Underrated: The Grand Spontanean

The Grand Spontaneon is a 90-minute rock opera, exploring topics such as relationships, anxiety and mental illness, and the role of social media during mass hysteria. With a choose-your-own-adventure ending, unique samples, and killer features, Telethon manages to create a truly refreshing album that was never expected from the small band from Milwaukee.

Told in five parts, The Grand Spontaneon guides the listener through the life of one twenty-something man wasting his days online. One particular day he falls down the rabbit hole and stumbles across a mysterious website prophesying the end of the world. Shocked, he is immediately thrown into a state of internal crisis. Throughout the rest of the 30 track album, we follow his journey as well as the general population as they to react to their impending doom.

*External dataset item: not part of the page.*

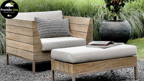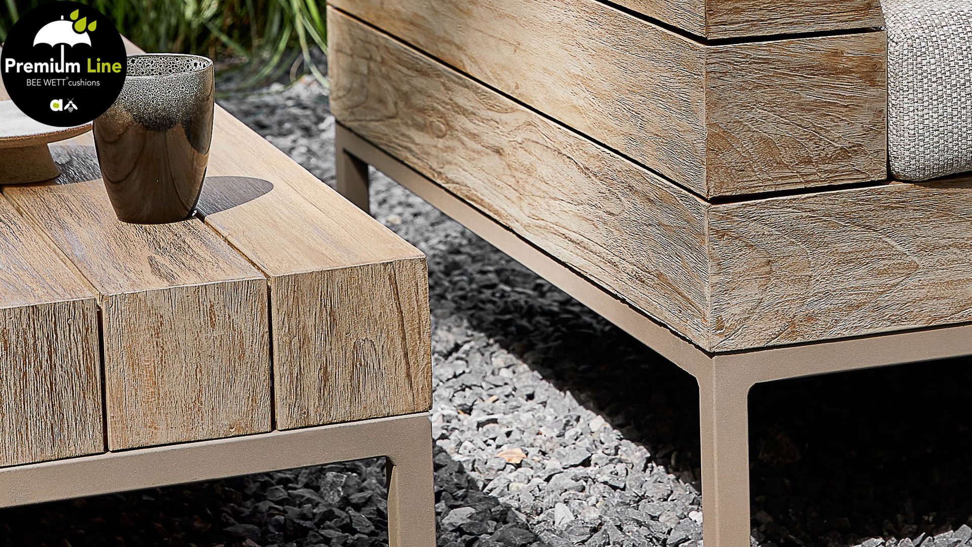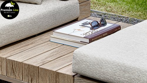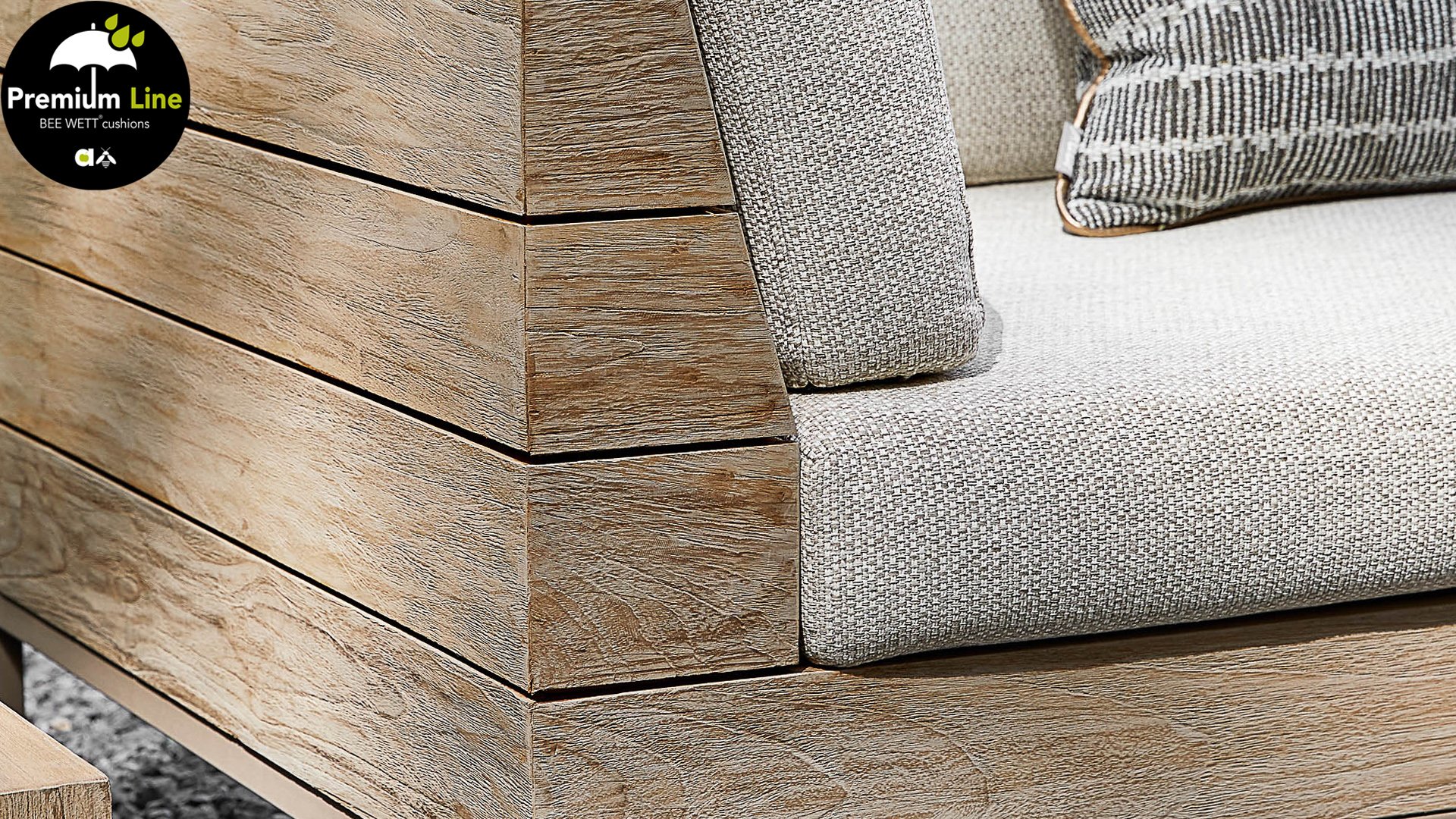 Die Apple Bee Serie Long Island ist zeitlos. Aus robusten Teakholzbalken gefertigt, bleibt dieses Möbel nicht unbemerkt. Das auf dem Teakholz aufgetragene Coastal-Finish verleiht zusätzliche einen sehr stilvollen Charakter und das schlanke Aluminiumgestell verfeinert die Konstruktion. Helle Polster – mit Bee-Wett®-Technologie – harmonieren mit Holz und Metall.

The album truly shines on it’s more ambitious tracks, particularly on “Stillwave” in Act Three, with a feature by Chris Farren. The protagonist suddenly decides to visit Disneyland when he finds out the park has been abandoned, they vividly describe a once joyful scene now grim and overtaken by squatters and outcasts. The song, nearing 10 minutes in length, switches back and forth from folksy to power punk in its own 6 act arc reminiscent of Green Day’s “Jesus of Suburbia.”

Altogether, the album plays with its format in a refreshing way. The album’s clear and deliberate narrative guides the listener to make a choice between two distinct endings to round out the story.

Telethon’s ambitious rock opera does in many ways what others in the past have not. The Grand Spontaneon has a succinct narrative in a reliable stream of consciousness format. When suggesting this album to others, I had to control myself, as I was very close to telling too much. Riddled with callbacks and recontextualizing previous lyrics, the whole album feels like an experience that deserves to be listened to once. More like several times.